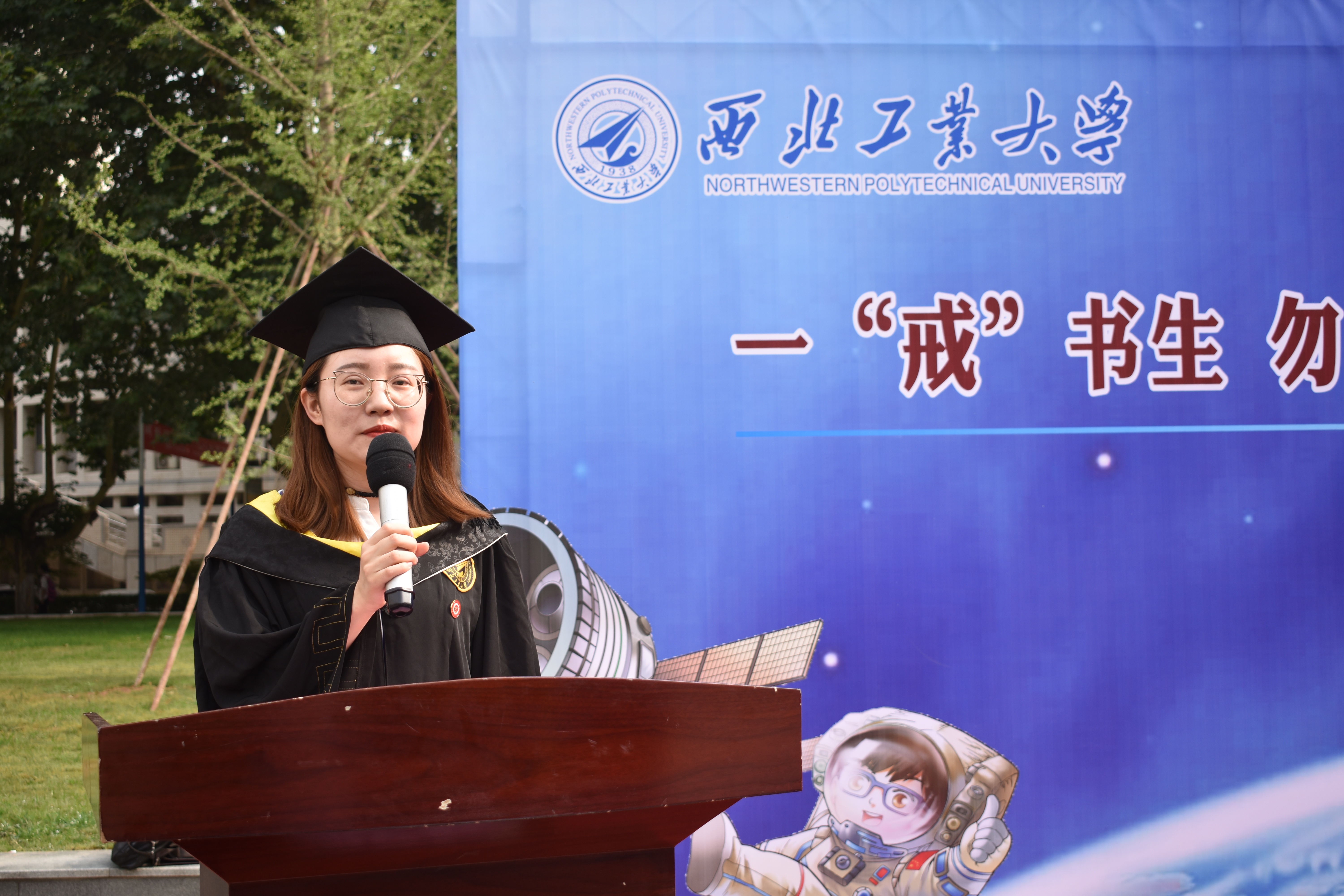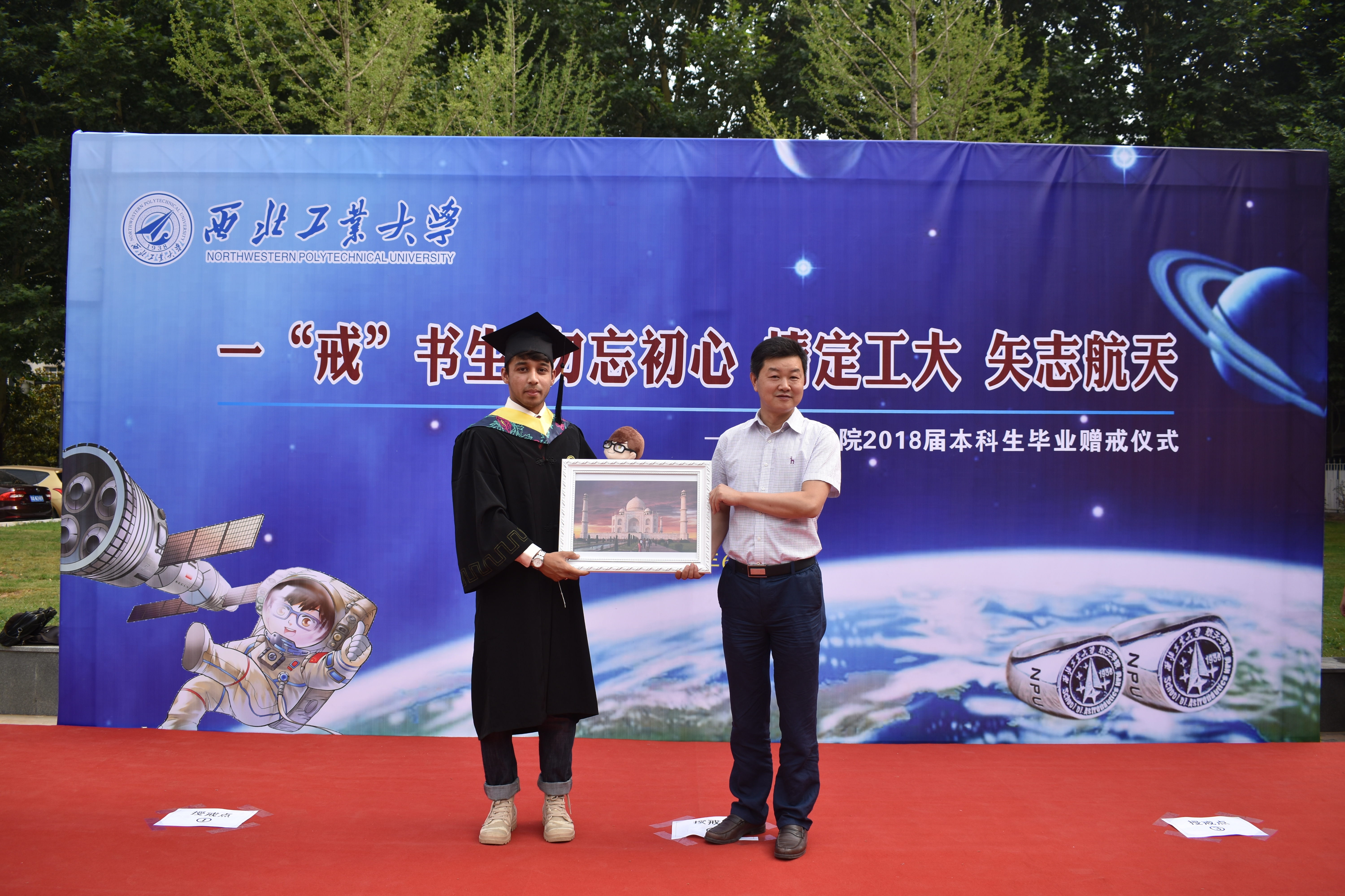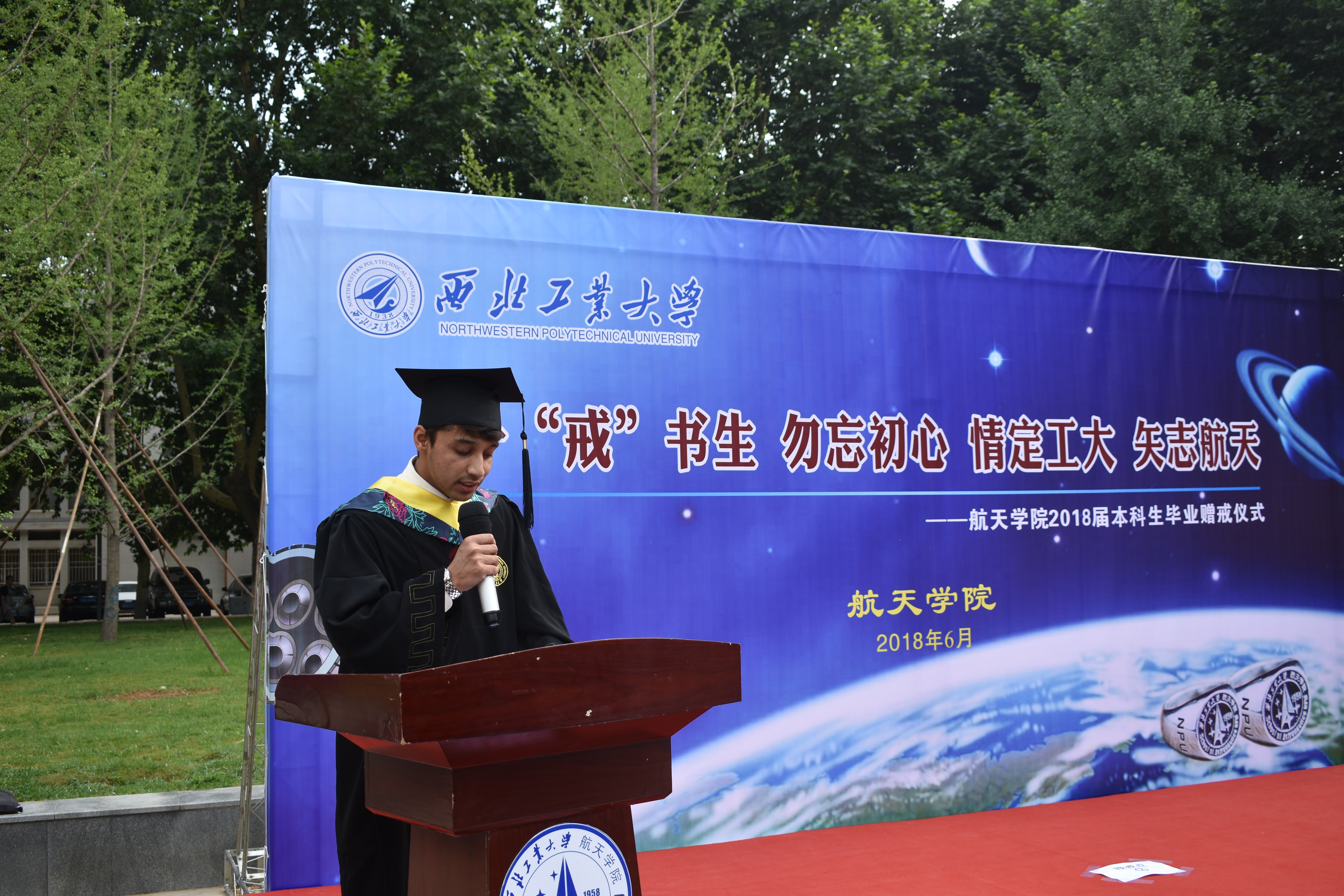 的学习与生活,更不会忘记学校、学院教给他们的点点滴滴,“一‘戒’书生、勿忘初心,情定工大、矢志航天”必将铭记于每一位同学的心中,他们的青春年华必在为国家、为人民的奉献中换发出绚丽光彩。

--

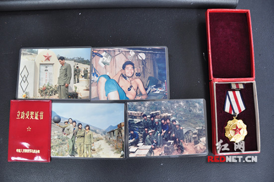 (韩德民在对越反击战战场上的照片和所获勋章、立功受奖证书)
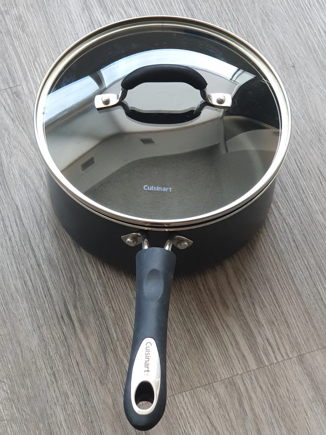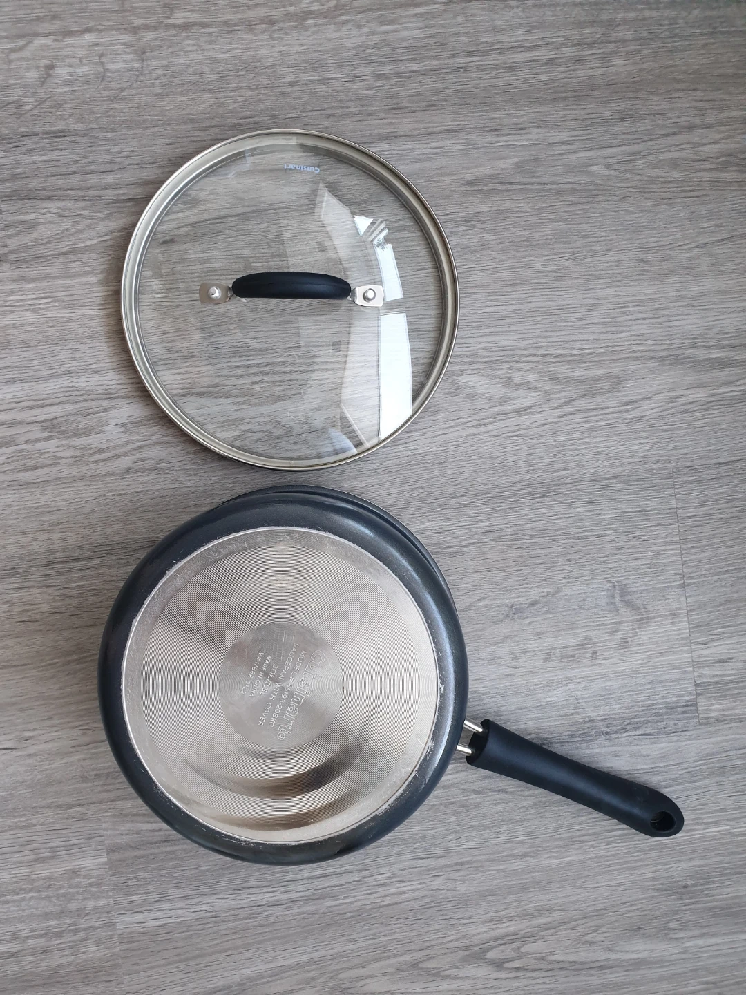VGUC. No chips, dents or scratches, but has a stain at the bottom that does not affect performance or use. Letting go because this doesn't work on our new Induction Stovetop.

--

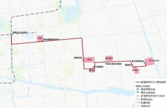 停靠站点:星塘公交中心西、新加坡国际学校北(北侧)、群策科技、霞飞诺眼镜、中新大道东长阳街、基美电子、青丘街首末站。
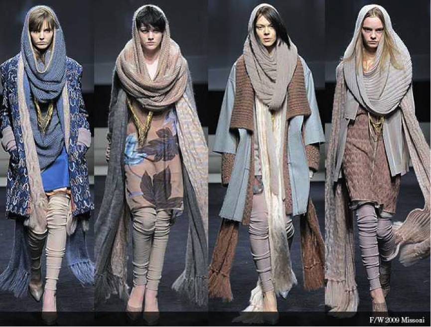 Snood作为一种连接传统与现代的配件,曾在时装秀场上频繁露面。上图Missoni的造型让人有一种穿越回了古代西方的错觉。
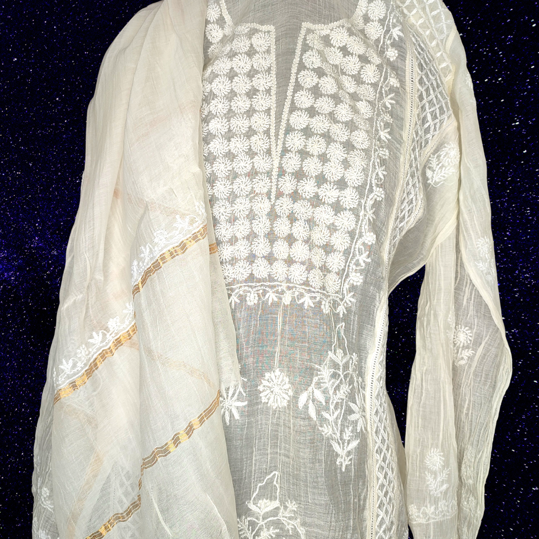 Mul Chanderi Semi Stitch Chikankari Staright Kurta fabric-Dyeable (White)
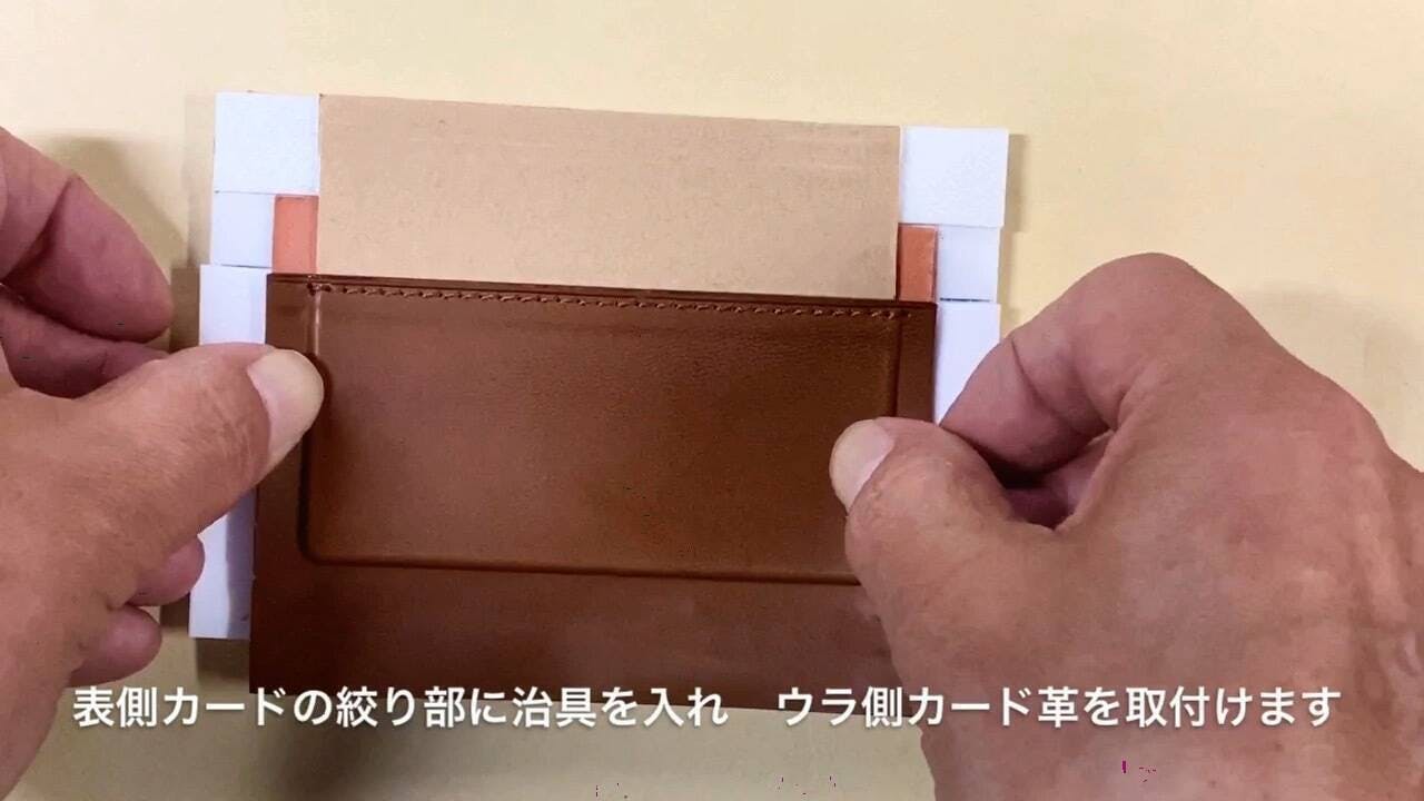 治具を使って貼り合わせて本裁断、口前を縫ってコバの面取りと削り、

▶ **Exercise details**: Using the material above, transcribe exactly the lines from the one holding "Mul Chanderi Semi" to the one holding "治具を使って貼り合わせて本裁断、口前を縫ってコバの面取りと削り、", both ends kept. Do not carry over any pictures.

▶ **Answer space**:
 Mul Chanderi Semi Stitch Chikankari Staright Kurta fabric-Dyeable (White)
 治具を使って貼り合わせて本裁断、口前を縫ってコバの面取りと削り、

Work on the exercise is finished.